Where do questions about home security systems go?


----------



## oldognewtrick (Oct 28, 2015)

edlank said:


> Where do questions about home security systems go?



Just asking here is OK, what your question?


----------



## edlank (Oct 28, 2015)

I have a monitored Honeywell (Ademco) Vista 20P, with everything fully wired, but no video or outside sensors.  I have a driveway and a parking area in front of the garage doors that I cannot see from the house.  I would like to add a camera that I could monitor, especially when home, when any suspicious sounds or activity are noted.  I can imagine expanding this if it seems to work well, to add more cameras, and I can foresee having a security system trigger this one and other cameras to start recording if motion is detected.  I understand that the peripherals for the Vista system are more expensive than alternatives, and wonder if I should make a motherboard change now before getting started.
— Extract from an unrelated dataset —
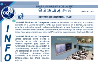 En este comunicado repasamos los siguiebtes temas de actualidad: Centro de Control (SAE) Jubilados parciales en EMT 2026 Comisión de ...

I do not currently plan to share the video output nor the option to activate/disarm the alarm on the internet.  I want to avoid such vulnerabilities to disable the alarm from the internet.  However, I need some graphic display, and the Tuxedo display is ridiculously expensive.  Yet carrying an iPad or having a desktop and monitor conveniently near the closest door to show IP video feed is not practical.

Suggestions?


----------



## oldognewtrick (Oct 28, 2015)

http://www.google.com/url?sa=t&rct=...al.pdf&usg=AFQjCNGp5p4mY1CD6zPuANWRXX159Os92w

Have you tried looking here?


----------



## havasu (Oct 28, 2015)

If not mistaken, I had an Ademco Vista 20p hardwired at my house about 25 years ago. Back in those days, it was top of the line. Now, it is an antique. You may find it easier to upgrade your system now, then installing a video camera system.


----------



## edlank (Oct 31, 2015)

The Ademco 20P may be old, but the board only performs pretty basic functions, and the technology to do that has not changed much.  I have heard that the Honeywell peripherals are expensive, but I am not seeing any better motherboards, or systems with cheaper graphic displays or other peripherals.  Are there any suggestions?


----------



## havasu (Nov 1, 2015)

All the new systems use RF so antique phone lines are not needed. This also allows instant tally with date and time stamps for all contact breaks. Also with RF technology, many of the troubleshooting occurs over the internet and your system is "virtual Linked" to computers and phones.


----------



## slownsteady (Nov 1, 2015)

Isn't that a hackers dream situation?


----------



## havasu (Nov 1, 2015)

slownsteady said:


> Isn't that a hackers dream situation?



It sure is, but isn't this the world we live in? It does have multiple layers of passwords but yeah, they can be defeated.


----------



## edlank (Nov 2, 2015)

If I continue to use only wired sensors, and do not put the security system on the internet, I am less prone to tampering.  If there are better security panels, I do not see them, so if anyone has suggestions, I am receptive.  The wired sensors work, so I have no interest in wireless, and the only things I might add would be a security camera, water sensor, and another CO sensor.  All can be wired easily enough.


----------



## havasu (Nov 2, 2015)

No doubt, hard wire is the best. The problem is unless you have a license, most alarm company suppliers will not sell you any product. To me, this is stupid, but it is a tight knit group of folks who always want to have "one up" on the competition.


----------